All three of Judge Ed and Burke "Sweetie" McFerrin's children live in New Orleans.
Harris, Burke and Buzzie McFerrin all made their way safely to Greenville, accompanied by friends, pets and "a few clothes."
They just aren't sure what they'll find once they return to Louisiana.
"They don't know what's left back there, but the important thing is, they are all OK," Sweetie McFerrin said on Monday.
Since arriving on Saturday, the three found themselves largely glued to the Manningham Road home's TV sets, anxious for any news from the Big Easy.
"I think this one took everyone by surprise," Richard Wong, Buzzie's boyfriend and fellow evacuee, said on Monday afternoon. Wong, who grew up in New Orleans, said this is the first hurricane he could remember that caused him "real concerns."
"I do remember once when I was younger – and I'm not sure which storm it was – when my family left the city and came to Tuscaloosa. That's been it," Wong, whose parents had also evacuated their St. Charles Parish home, said.
"I know my family is headed north, so I think they're OK. Their cell phone is on the fritz," Wong said.
The New Orleans native expects the low-lying city to be a soggy place for a long time to come.
"Once that ground gets saturated, there is no place for water to go. It can take days, weeks, to dry out – and I'm assuming the same thing has happened this time," Wong said.
The New Orleans residents were worried about the state of their lakefront housing.
"I saw where the FOX News crew is staying at the hotel where I work, so that at least is OK," Buzzie, a pastry chef, commented.
"Antsy" and "anxious" are two good words to describe the mood of the evacuees.
"Basically, we haven't done anything except flip channels, looking for news about New Orleans," Burke said.
Sweetie McFerrin laughed. "Since the kids have been here, I can honestly say I can't find any of the remote controls or the phones – and you can quote me on that."
Buzzie wriggled in her seat as scenes of damage in the French Quarter flashed on the screen.
"I just wish somebody would show where we live.
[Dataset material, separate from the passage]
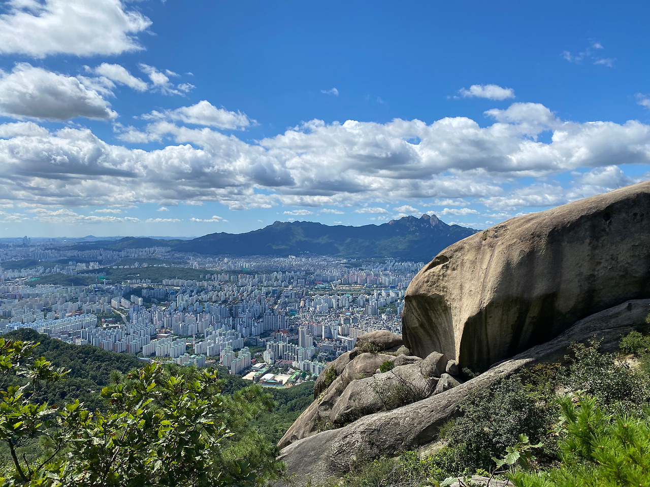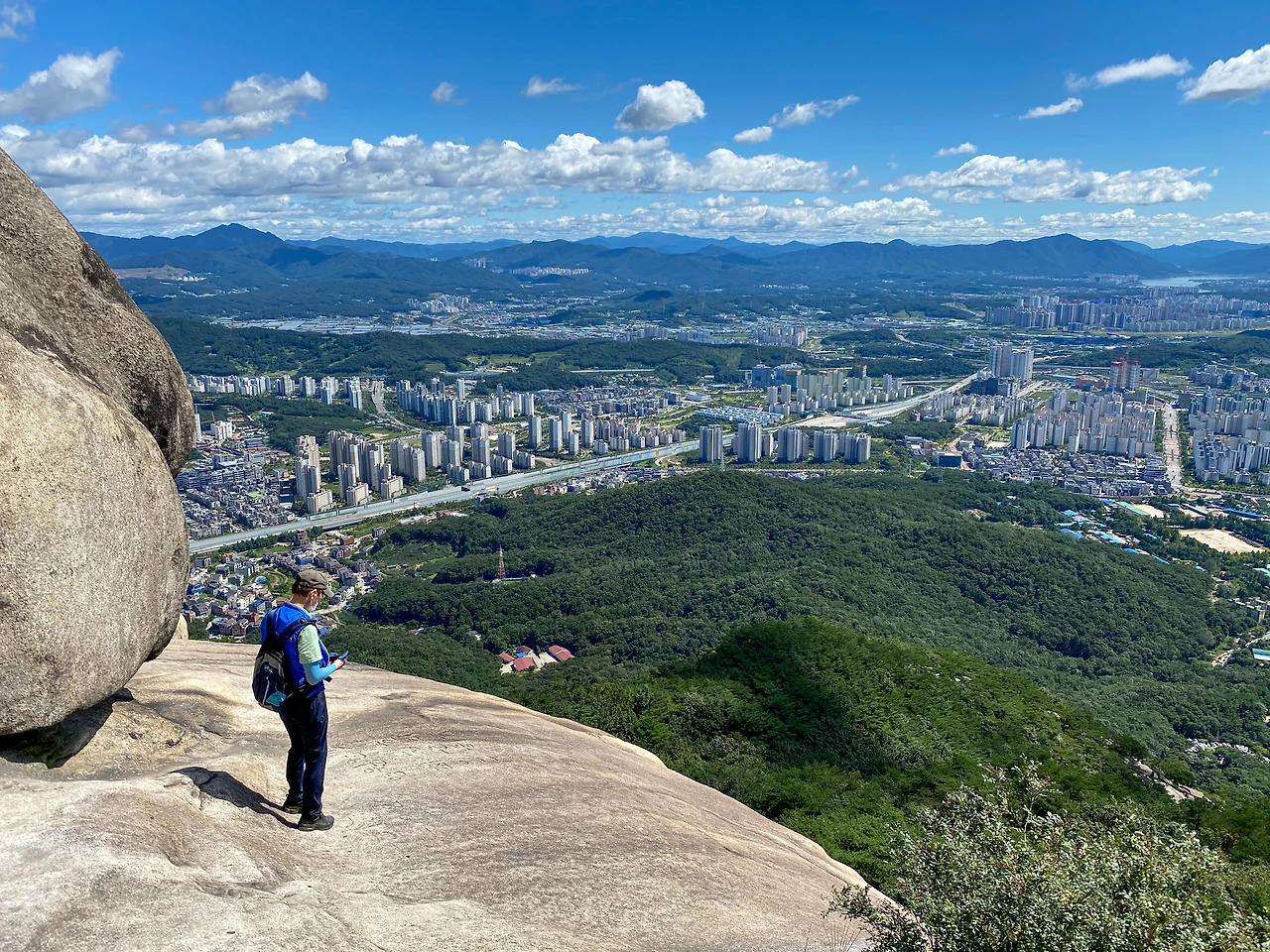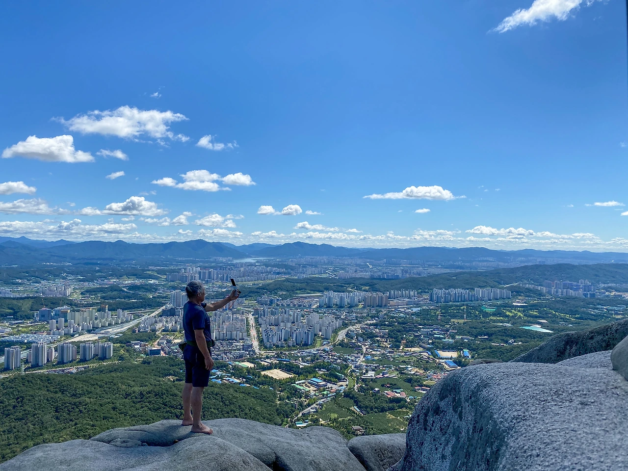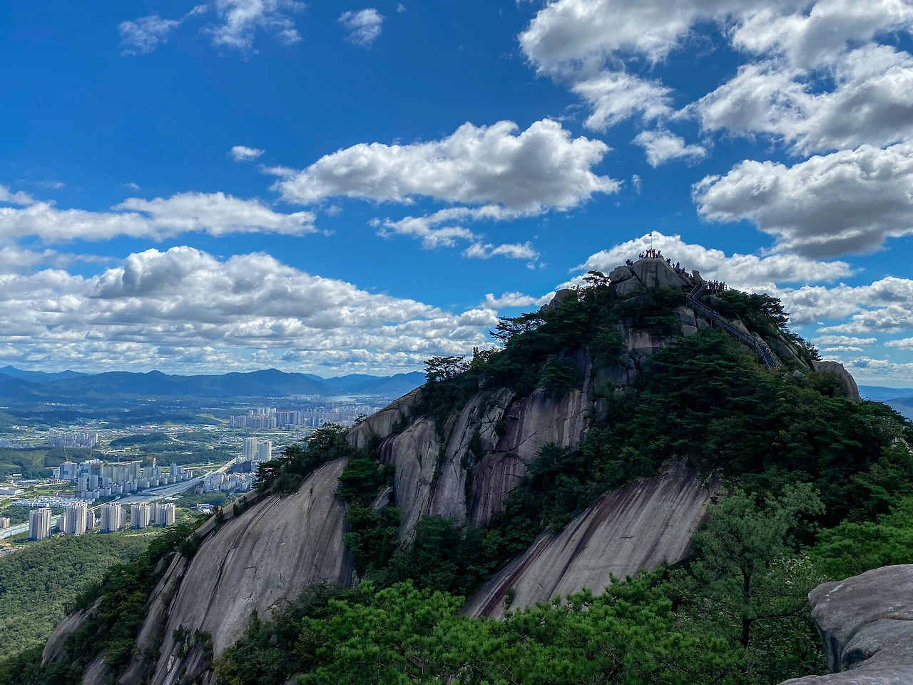 서울 노원구와 경기도 남양주를 끼고 있는 불암산은 교통이 좋고 산 높이도 만만해 많은 사람들이 찾는 서울의 산중 하나다. 등산로도 무난한 편. 중간중간 계곡도 있어 쉬엄쉬엄 오르기에 좋다. 등산다운 등산은 깔딱고개부터다. 화강암을 기반으로 한 돌산다운 가파르고 아찔한 코스들이 본격적으로 등장한다. 다행스럽게도 길이는 비교적 짧은 편. 반짝 힘들고 금세 정상이다. 정상석은 인증숏을 찍으려는 사람들로 북적인다. 관악산 못지않게 2030 젊은 층이 많은 산인만큼 대기줄은 필수다. 하지만 진짜 인증숏 포인트는 따로 있다. 바로 정상석 위 국기봉. 국기봉을 잡으려면 로프 잡고 암벽 타기를 해야 하는데 보기에는 위험하고 어려워 보이지만 막상 해보면 누구나 충분히 오를 만 수준이다. 조금만 용기를 내어보자! 국기봉이 또 다른 뷰를 보여 줄지어니. 물론 그래도 도저히 자신이 없다면 피하는 게 정답이다. 모름지기 산에서는 무리하지도 말고, 겸손도 해야 하는 법이다.

This is driving me nuts…I want to know if I have a submarine condo," she said with a wry smile.
New Orleans residents wielding shopping carts, apparently filled with stolen merchandise, appeared on television.
"Ah, the looters are out in force already," Wong said, shaking his head.
"And that's exactly why you all should be here right now," Sweetie said firmly.
As the lights flickered and the cable images were replaced with fuzzy gray static.
"It's hard not knowing. I'm on the third floor, but I may have a convertible condo," Burke quipped.
As they waited for the cable to come back on, the New Orleans contingent wondered what the total economic impact of Katrina would be on their city.
"You know, tourist season really starts kicking in soon, normally, with things going on right up until Mardi Gras. You wonder how it's going to affect things," Wong said.
"What about all those Mardi Gras floats they keep in those warehouses -" Buzzie said.
"And they're right on the levee," Burke added.
She turned back to the blank screen and clicked the remote.
"Maybe the cable is back on. Maybe there's news about us," Burke said, a wistful look on her face.
"I don't think any of us were expecting it to be this bad…I don't think New Orleans is ever going to be the same," Sweetie said.
"I'm afraid the kids' homes are gone. But they still have each other. They can get other places to live and other jobs if they have to. I'm just so glad they are all safe," their mother said.